SQL’s default behavior makes it trivially easy to ship TOCTOU races, atomicity gaps, and deadlocks in transaction code that looks correct.
Key Takeaways
A textbook TSQL money-transfer procedure requires atomicity, UPDLOCK row locking, and upfront lock acquisition to be correct – three non-obvious steps.
TOCTOU bugs occur when a balance check and subsequent UPDATE run in separate steps without holding a lock across both.
Deadlocks emerge when concurrent transactions acquire row locks in different orders; ORDER BY does not reliably prevent this because locks follow row-read order, not result order.

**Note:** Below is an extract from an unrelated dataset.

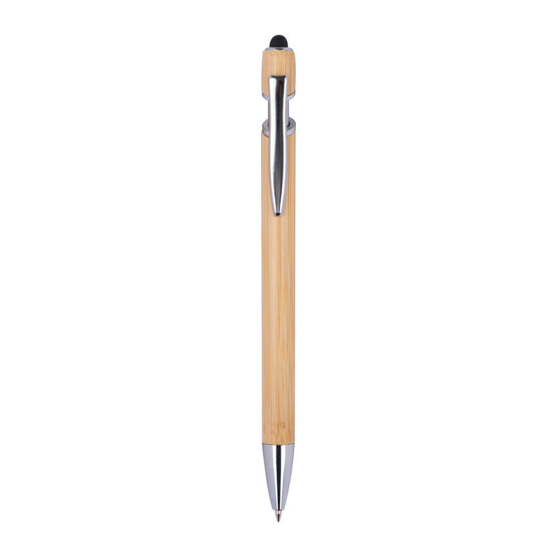 Бамбукова химикалка със сребърни апликации, пълнител с голяма вместимост и тъчпад.

The author proposes a Rust-inspired “fearless concurrency” database layer: atomic transactions by default, explicit checkpoints, user-managed locks, and static deadlock detection.
The proposed system trades throughput for correctness, leaving SQL in place for use cases where correctness is less critical.
Hacker News Comment Review
Commenters quickly noted the idiomatic fix the article downplays: a single UPDATE ... WHERE balance >= 10 collapses check and mutate atomically, eliminating TOCTOU without extra locking syntax.
One commenter flagged that append-only debit/credit ledger patterns make the problem worse – a SELECT-then-INSERT flow breaks ACID assumptions even when developers think they are safe.
There is skepticism that the framing is fair: SQL is a declarative query language, and using it for imperative transactional control is already outside its original design scope.
Notable Comments
@giancarlostoro: Caching layers and distributed systems can surface stale reads even after fixing DB-level concurrency, making the problem harder than the article’s scope.